§ **PROVIDED INFORMATION**:

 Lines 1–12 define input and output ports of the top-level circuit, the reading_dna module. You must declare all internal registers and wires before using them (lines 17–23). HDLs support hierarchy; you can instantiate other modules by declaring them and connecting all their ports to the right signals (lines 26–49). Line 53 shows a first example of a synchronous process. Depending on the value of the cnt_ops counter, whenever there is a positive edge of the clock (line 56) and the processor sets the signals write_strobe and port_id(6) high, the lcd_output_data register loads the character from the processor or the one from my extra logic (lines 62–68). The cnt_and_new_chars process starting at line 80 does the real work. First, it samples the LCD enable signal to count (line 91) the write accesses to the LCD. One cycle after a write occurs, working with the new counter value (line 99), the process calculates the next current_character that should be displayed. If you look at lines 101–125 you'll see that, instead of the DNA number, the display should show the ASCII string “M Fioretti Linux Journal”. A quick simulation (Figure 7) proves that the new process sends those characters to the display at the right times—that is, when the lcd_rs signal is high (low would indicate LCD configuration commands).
==
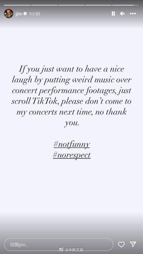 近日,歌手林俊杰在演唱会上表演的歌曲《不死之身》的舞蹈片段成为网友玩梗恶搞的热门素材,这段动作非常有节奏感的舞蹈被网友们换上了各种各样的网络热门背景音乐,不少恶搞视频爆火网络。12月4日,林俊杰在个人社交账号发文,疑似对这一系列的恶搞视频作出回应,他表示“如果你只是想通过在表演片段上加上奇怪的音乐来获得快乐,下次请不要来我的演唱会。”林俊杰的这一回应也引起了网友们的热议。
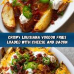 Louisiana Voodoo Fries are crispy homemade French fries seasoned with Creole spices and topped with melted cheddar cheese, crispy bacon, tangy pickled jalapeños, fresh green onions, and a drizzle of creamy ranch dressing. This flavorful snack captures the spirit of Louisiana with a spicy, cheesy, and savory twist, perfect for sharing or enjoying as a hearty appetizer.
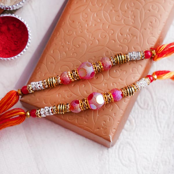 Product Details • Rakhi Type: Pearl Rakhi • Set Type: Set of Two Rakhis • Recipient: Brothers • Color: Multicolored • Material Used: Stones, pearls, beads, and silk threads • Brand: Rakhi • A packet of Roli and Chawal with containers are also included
--
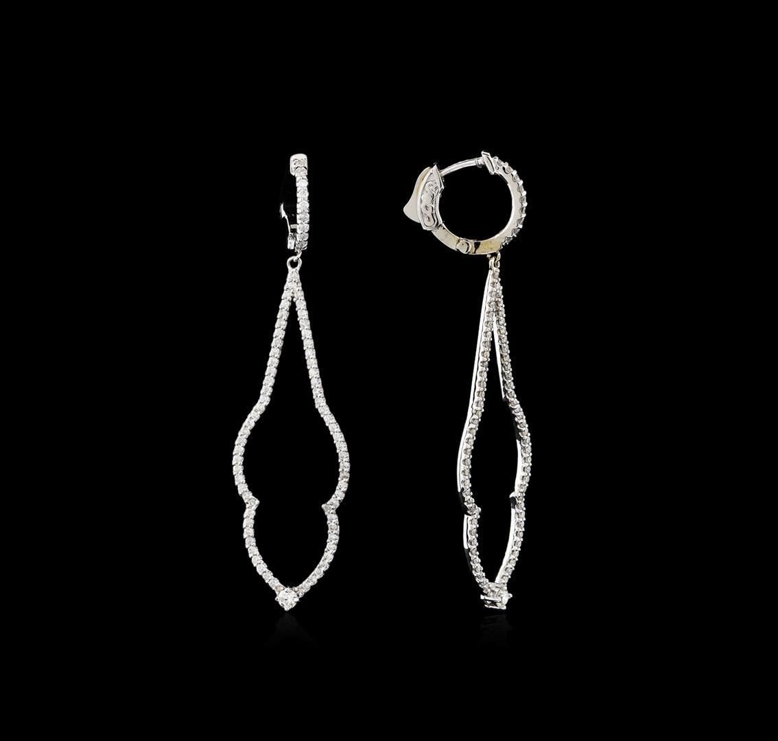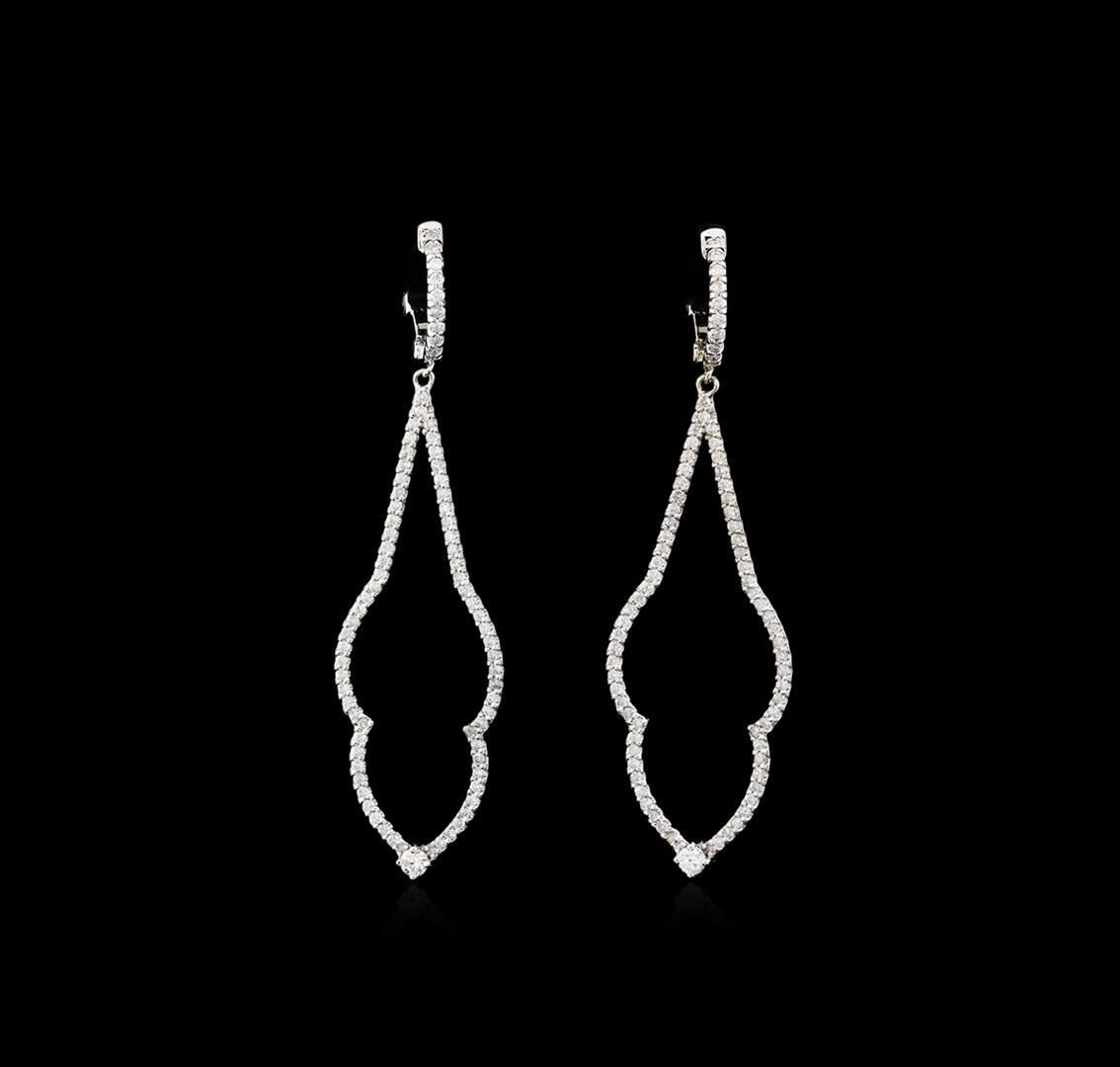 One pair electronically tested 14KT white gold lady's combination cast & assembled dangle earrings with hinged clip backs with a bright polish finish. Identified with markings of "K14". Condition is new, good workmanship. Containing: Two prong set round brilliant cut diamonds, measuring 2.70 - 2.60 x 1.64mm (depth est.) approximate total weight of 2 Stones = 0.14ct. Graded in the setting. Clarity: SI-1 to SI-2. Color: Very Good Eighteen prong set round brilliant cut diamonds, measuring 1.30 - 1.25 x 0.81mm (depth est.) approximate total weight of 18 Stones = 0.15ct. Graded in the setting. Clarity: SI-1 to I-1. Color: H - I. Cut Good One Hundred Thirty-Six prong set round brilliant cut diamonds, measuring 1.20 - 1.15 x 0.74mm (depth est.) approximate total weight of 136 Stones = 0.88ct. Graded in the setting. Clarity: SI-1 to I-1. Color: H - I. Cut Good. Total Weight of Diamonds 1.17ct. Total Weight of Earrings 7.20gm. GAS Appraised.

§ **TASK DESCRIPTION**: Nothing but the lines above from the one that has "Louisiana Voodoo Fries" down to the one that has "Product Details •" belongs in the answer, copied exactly, without pictures.

§ **ANSWER SPACE**:
 Louisiana Voodoo Fries are crispy homemade French fries seasoned with Creole spices and topped with melted cheddar cheese, crispy bacon, tangy pickled jalapeños, fresh green onions, and a drizzle of creamy ranch dressing. This flavorful snack captures the spirit of Louisiana with a spicy, cheesy, and savory twist, perfect for sharing or enjoying as a hearty appetizer.
 Product Details • Rakhi Type: Pearl Rakhi • Set Type: Set of Two Rakhis • Recipient: Brothers • Color: Multicolored • Material Used: Stones, pearls, beads, and silk threads • Brand: Rakhi • A packet of Roli and Chawal with containers are also included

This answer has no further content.